レースがふんだんに使われた衣装も女神が形どられたステンドグラスから光が差し込む大聖堂も伴侶になる皇帝レオンハルト様も。

レオンハルト様の白の強い金の髪は艶やかに輝き、透明な淡い青の瞳が僕を映していた。
僕はミルクティー色の髪と薄紅色の瞳をしている。
レオンハルト様に僕がどう見えているかは分からないけど、僕に触れるレオンハルト様は優しかった。

宴も終わり今は楽な格好に着替えたけど、今日の興奮はまだ冷めそうになかった。

それに……この後は……初夜が控えている。
もう少ししたら夜着をメイドが持ってくると言っていた。

僕には国からついてきた従者はいない。
この帝城でもしばらくは決まった従者はつかないと言っていた。
相性をみて従者を決めると……。


「父上は冷たかったな……」
国賓として招かれた父王はバージンロードを一緒に歩いてはくれたが、僕を見る目は冷え切っていた。

母親とはもう連絡さえ取れない。
今どうしているのか……元気にしているのか不便はないか……気になるけど、父親に聞くことも出来なかった。

「失礼いたします。夜着をお持ちいたしました」
「あ、はい」
「侍従もおりますが、お着替えのお手伝いはいかがいたしましょう?」
「あ、では侍従の人に」
「かしこまりました。私はユヒと申します。よろしくお願いいたします」
「あ、シュティです。こちらこそよろしく」
「はい、シュティ様」

メイドと共に頭を下げていた僕と同じ歳くらいの青年が顔をあげ微笑んだ。多分ベータだろうその人は僕に近寄ってきた。

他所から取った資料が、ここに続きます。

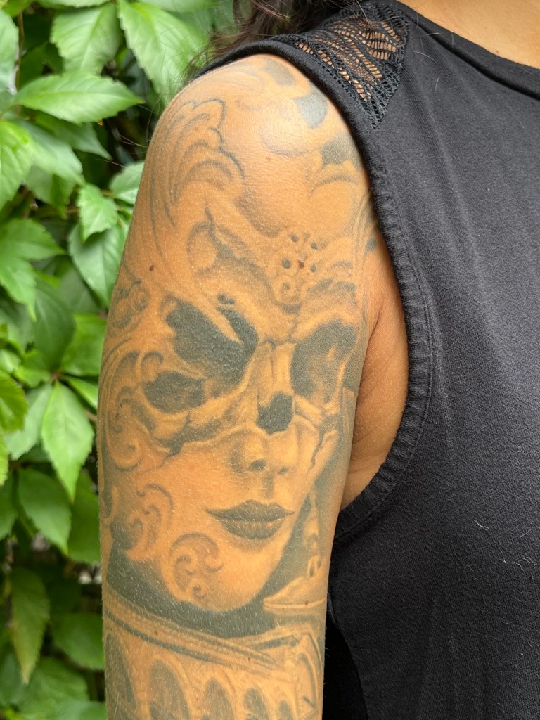 Samantha besitzt noch ein zweites, geheimnisvolles Ich, das fasziniert ist vom Tod. Sie erzählte mir davon erst nach vielen Jahren, während sie wieder einmal meine Haare schnitt. Als ich sie nebenbei nach ihrem Lieblingsschmetterling fragte, nannte sie treffenderweise den Totenkopfschwärmer. Seit diesem Gespräch verstehe ich die Bedeutung ihres kunstvoll gestalteten Oberarm-Tattoos viel besser.
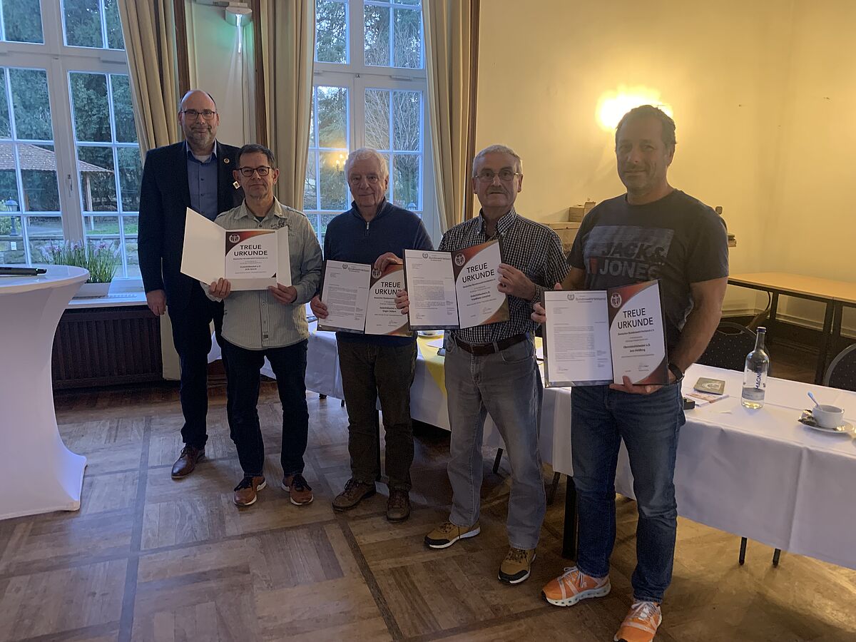Lüneburg. Die Lüneburger Ehemaligen haben ihren alten Vorstand wiedergewählt. Vorsitzender bleibt Stabsfeldwebel a.D. Dirk Jersch, Stellvertreter Hauptmann a.D. Michael Scholz, Schriftführer Oberstabsfeldwebel a.D. Udo Palußek, Kassenwart Oberstabsfeldwebel Torsten Dittmer. Anschließend wurden Stabsfeldwebel a.D. Jürgen Siebert für 50 Jahre sowie Stabsfeldwebel a.D. Friedhelm Liesener und Oberstabsfeldwebel a.D. Jens Holdberg für 40 Jahre Mitgliedschaft geehrt. Durch den Vorsitzenden ERH im Landesverband Nord Hauptmann a.D. Michael Scholz wurde auch der alte und neue Vorsitzende Jersch für vier Jahrzehnte im DBwV ausgezeichnet.

かわりに夜着を持ってきてくれたメイドと、ずっとついていてくれた護衛騎士二人が礼をして下がっていく。

湯浴みは先ほど終えた。
湯浴みも誰か人をつけるか聞かれたけれど、丁重に断った。

「失礼しますね、シュティ様」
「えっ、あ、はい」
ユヒが僕の服に手を掛けた。

「緊張されていますか? 大丈夫です。僕もシュティ様のお着替えが終わりましたら下がりますので」
「あっ、うん」

レオンハルト様がいらっしゃるまでいて欲しいような気もしたけど、夜着のままで話しているのも変かなと思い、それ以上は言えなかった。